=== Input data ===

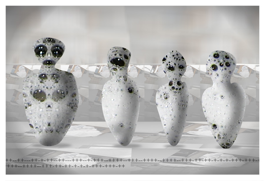 "je cherche par ce biais à créer des oeuvres rythmées et foisonnantes de détails en utilisant la 3d, la photo ou le dessin le tout recomposé en infographie".
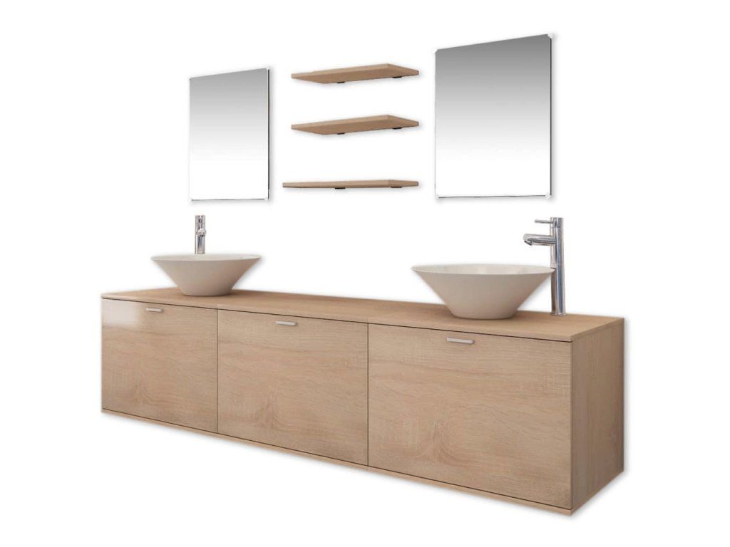 vidaXL 10-dielna sada nábytku do kúpeľne umývadlami a batériami béžová
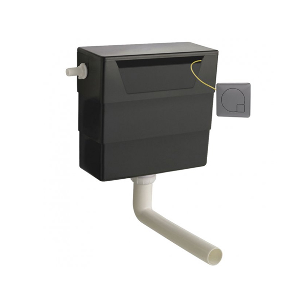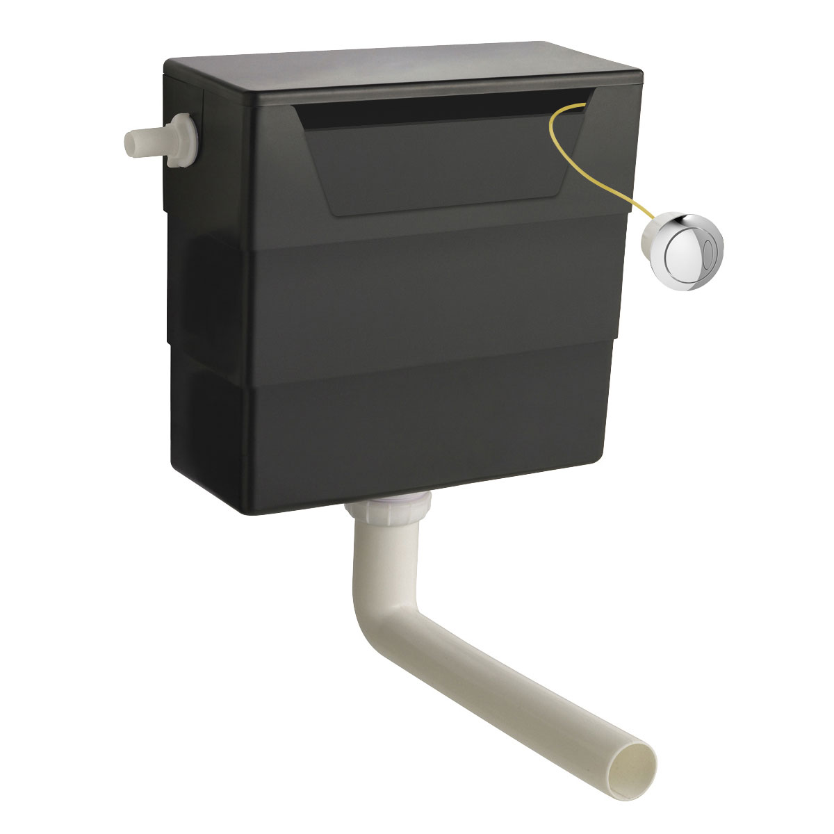 Nuie Front and Top Access Concealed Toilet Dual Flush Cistern with Black Flush Plate
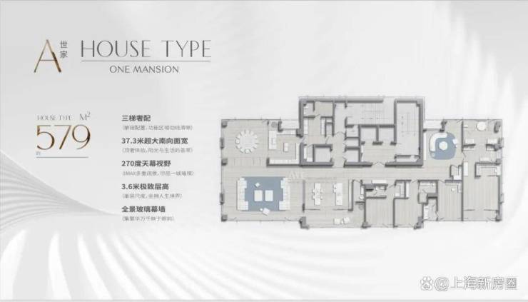 项目主力户型为建面约 434-579㎡的大平层,全系一层一户设计,两梯或三梯专属入户,保障绝对私密性。以 579㎡五房户型为例,南向面宽达 35 米,270 度全景落地窗将城市景观尽收眼底;客厅面宽超 15 米,进深近 17 米,可灵活布局社交、休闲与收纳空间;层高约 3.6 米,搭配无梁楼盖结构,空间开阔无压抑感。全套房设计、动静分区、智能家居系统(如 ABB 智能控制)与恒温恒湿系统,全方位满足高端家庭的生活需求。
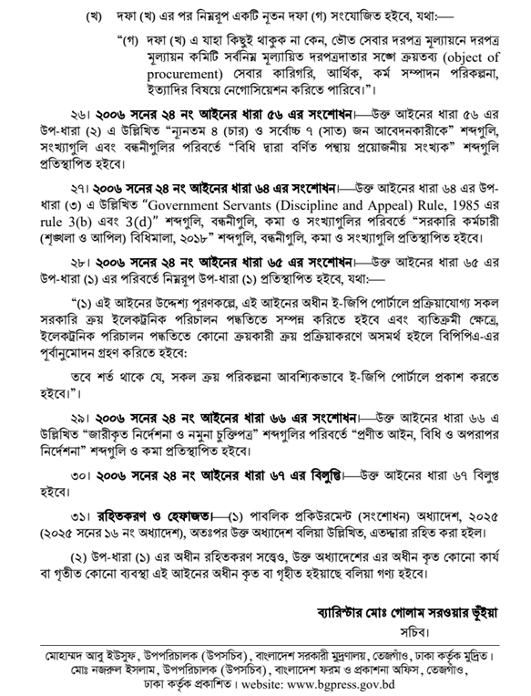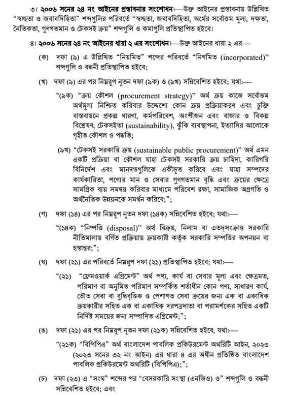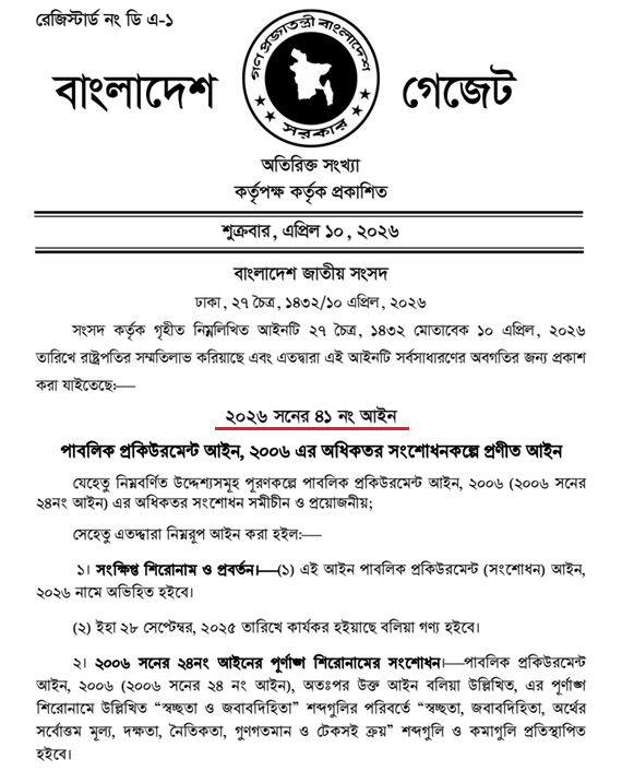 পাবলিক প্রকিউরমেন্ট (সংশোধন) আইন, ২০২৬

=== Activity ===
Your answer must be an exact repeat of the records above, with no pictures in it.

=== Exercise result ===
 "je cherche par ce biais à créer des oeuvres rythmées et foisonnantes de détails en utilisant la 3d, la photo ou le dessin le tout recomposé en infographie".
 vidaXL 10-dielna sada nábytku do kúpeľne umývadlami a batériami béžová
 Nuie Front and Top Access Concealed Toilet Dual Flush Cistern with Black Flush Plate
 项目主力户型为建面约 434-579㎡的大平层,全系一层一户设计,两梯或三梯专属入户,保障绝对私密性。以 579㎡五房户型为例,南向面宽达 35 米,270 度全景落地窗将城市景观尽收眼底;客厅面宽超 15 米,进深近 17 米,可灵活布局社交、休闲与收纳空间;层高约 3.6 米,搭配无梁楼盖结构,空间开阔无压抑感。全套房设计、动静分区、智能家居系统(如 ABB 智能控制)与恒温恒湿系统,全方位满足高端家庭的生活需求。
 পাবলিক প্রকিউরমেন্ট (সংশোধন) আইন, ২০২৬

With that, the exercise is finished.